>>>

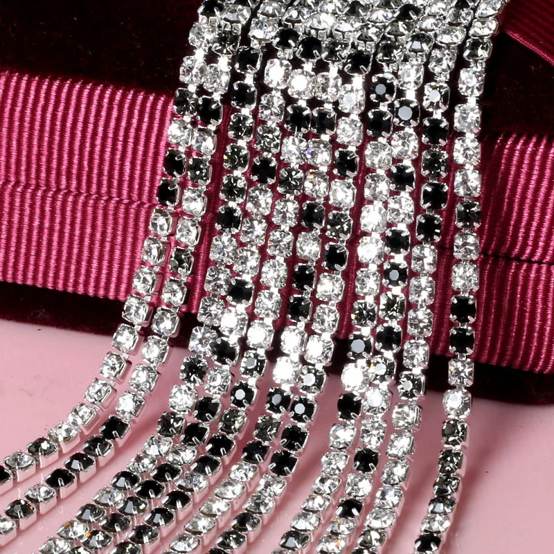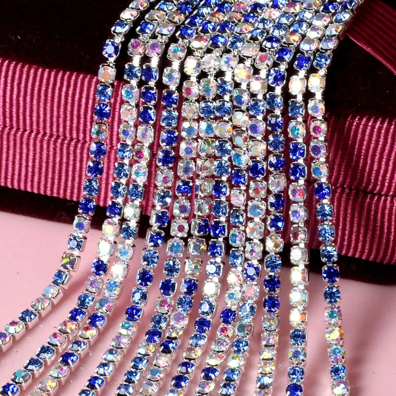 2 ярда/партия, SS6 2/3 мм, серебристая металлическая основа, Когтеточка для шитья, разноцветная Кубок из горного хрусталя цепь, Подрезка, ожерелье «сделай сам» Z120
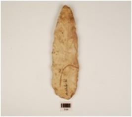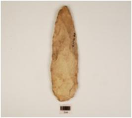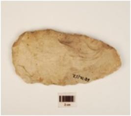 | Description / विवरण | A handaxe made of chert, flake scars on the surface and retouches on working edges. |
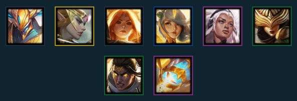 从左到右英雄:亚托克斯(1)、蕾欧娜(1)、辛德拉(1)、韦鲁斯(2)、拉克丝(3)、芮尔(4)、维克兹(4)、凯尔(5)
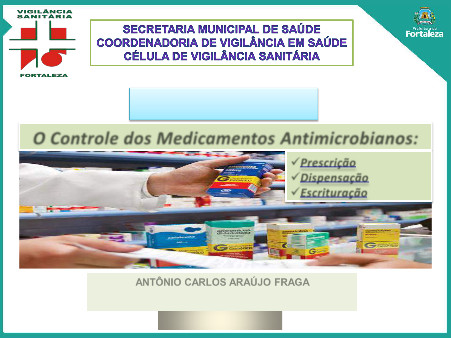 O Controle dos Medicamentos Antimicrobianos: Fortaleza-CE 2015 ANTÔNIO CARLOS ARAÚJO FRAGA Farmacêutico / Fiscal Municipal de Vigilância Sanitária Especialista em Vigilância Sanitária RDC Nº 20/2011 Prescrição Dispensação Escrituração APRESENTAÇÃO O objetivo do controle de antimicrobianos; A operacionalização da RDC Nº20/2011 tem gerado confusões, principalmente no momento da prescrição e da dispensação; Na RDC Nº20/2011 e na NT (atualizada em 24/09/13) muitos aspectos práticos ainda não estão claramente definidos; As responsabilidades dos prescritores e dos dispensadores; A fiscalização do cumprimento da RDC Nº20/2011; A avaliação da prescrição é atribuição do farmacêutico, conforme estabelece a resolução CFF Nº357/01 e resolução Anvisa RDC Nº44/09, avaliação esta que deve abordar tanto aspectos terapêuticos quanto legais, cabendo assim a este profissional conhecer as exigências legais para uma correta avaliação da prescrição, podendo, conforme previsto no Código de Ética Farmacêutica, decidir sobre o aviamento ou não de qualquer prescrição, desde que devidamente justificada sua decisão”. RDC Nº 20, de 5 de maio de 2011 - Dispõe sobre o controle de medicamentos à base de substâncias classificadas como antimicrobianos, de uso sob prescrição, isoladas ou em associação; NOTA TÉCNICA sobre a RDC Nº20/2011 - Orientações de procedimentos relativos ao controle de medicamentos à base de substâncias classificadas como antimicrobianos, de uso sob prescrição isoladas ou em associação. (Atualizada em 24 de setembro de 2013 - O documento poderá ser atualizado conforme necessidade identificada pela autoridade sanitária). RDC Nº 22, de 29 de abril de 2014 - Dispõe sobre o Sistema Nacional de Gerenciamento de Produtos Controlados. Lei Federal Nº 5.991, de 17 de Dezembro de 1973 – Dispõe sobre o controle sanitário de comércio de drogas, medicamentos, insumos farmacêuticos e correlatos. RDC Nº 44, de 17 de Agosto de 2009 - Dispõe sobre Boas Práticas Farmacêuticas para o controle sanitário do funcionamento, da dispensação e da comercialização de produtos e da prestação de serviços farmacêuticos em farmácias e drogarias e dá outras providências. RDC Nº 68, de 28 de novembro de 2014 - Dispõe sobre a atualização do Anexo I, Lista de Antimicrobianos Registrados na Anvisa, da Resolução – RDC nº 20, de 5 de maio de 2011 e dá outras providências. As orientações contidas nesta apresentação obedecem ao disposto nas seguintes legislações: Ficam revogadas as Resoluções de Diretoria Colegiada : RDC Nº 44, de 26 de outubro de 2010 RDC Nº 61, de 17 de dezembro de 2010 RDC Nº 17, de 15 de abril de 2011 RES. CFF Nº 542, de 19 de JANEIRO de 2011 - Dispõe sobre as atribuições do farmacêutico na dispensação e no controle de antimicrobianos. Não poderão ser aviadas receitas ilegíveis e/ou que possam induzir a erro ou troca na dispensação dos antimicrobianos ou que se apresentem em código, sigla, número, etc. No ato da dispensação de qualquer antimicrobiano: O farmacêutico deve explicar clara e detalhadamente ao paciente/usuário o benefício do tratamento. Deve considerar que a educação/orientação ao paciente/usuário é fundamental não somente para a adesão ao tratamento, como também para a minimização de ocorrência de resistência bacteriana. Deve, ainda, certificar-se de que o paciente/usuário não apresenta dúvidas a respeito de aspectos, como: I - motivos da prescrição, contraindicações e precauções; II - posologia (dosagem, dose, forma farmacêutica, técnica, via e horários de administração); III - modo de ação; IV – reações adversas e interações; V - duração do tratamento; VI - condições de conservação, guarda e descarte. Para otimizar a dispensação, o farmacêutico deverá ser capaz de tomar atitudes, desenvolver habilidades de comunicação e estabelecer relações interpessoais com o paciente/usuário. O farmacêutico deve fornecer toda a informação necessária para o uso correto, seguro e eficaz dos antimicrobianos, de acordo com as necessidades individuais do paciente/usuário. AS PRINCIPAIS EXIGÊNCIAS - RDC nº 20, de 05 de maio de 2011 Uma lista de 119 substâncias classificadas como antimicrobianas foi publicada em anexo à resolução e, todo e qualquer medicamento que possuir pelo menos uma dessas substâncias em sua composição, somente será liberado com a apresentação e retenção da receita. Estabelece os critérios para a prescrição, dispensação, controle, embalagem e rotulagem de medicamentos à base de substâncias classificadas como antimicrobianos de uso sob prescrição, isoladas ou em associação. Também se aplica a sais, éteres, ésteres e isômeros das substâncias antimicrobianas. ABRANGÊNCIA As farmácias e drogarias privadas, as unidades públicas de dispensação municipais, estaduais e federais que disponibilizam medicamentos mediante ressarcimento, a exemplo das unidades do Programa Farmácia Popular do Brasil. As unidades de dispensação municipais, estaduais e federais, as farmácias de unidades hospitalares ou de quaisquer outras unidades equivalentes de assistência médica, públicas ou privadas, que não comercializam medicamentos devem manter os procedimentos de controle específico de prescrição e dispensação já existentes para os medicamentos que contenham substâncias antimicrobianas. AS PRINCIPAIS EXIGÊNCIAS - RDC nº 20, de 05 de maio de 2011 ABRANGÊNCIA A prescrição dos medicamentos antimicrobianos deverá ser realizada por profissionais legalmente habilitados. AS PRINCIPAIS EXIGÊNCIAS - RDC nº 20, de 05 de maio de 2011 PRESCRIÇÃO AS PRINCIPAIS EXIGÊNCIAS - RDC nº 20, de 05 de maio de 2011 RECEITA A prescrição de medicamentos antimicrobianos deverá ser realizada em receituário privativo do prescritor ou do estabelecimento de saúde, não havendo, portanto modelo

<<<

Reproduce the data above word for word from its first line through the line that holds "从左到右英雄:亚托克斯(1)", both ends included; skip pictures.

 2 ярда/партия, SS6 2/3 мм, серебристая металлическая основа, Когтеточка для шитья, разноцветная Кубок из горного хрусталя цепь, Подрезка, ожерелье «сделай сам» Z120
 | Description / विवरण | A handaxe made of chert, flake scars on the surface and retouches on working edges. |
 从左到右英雄:亚托克斯(1)、蕾欧娜(1)、辛德拉(1)、韦鲁斯(2)、拉克丝(3)、芮尔(4)、维克兹(4)、凯尔(5)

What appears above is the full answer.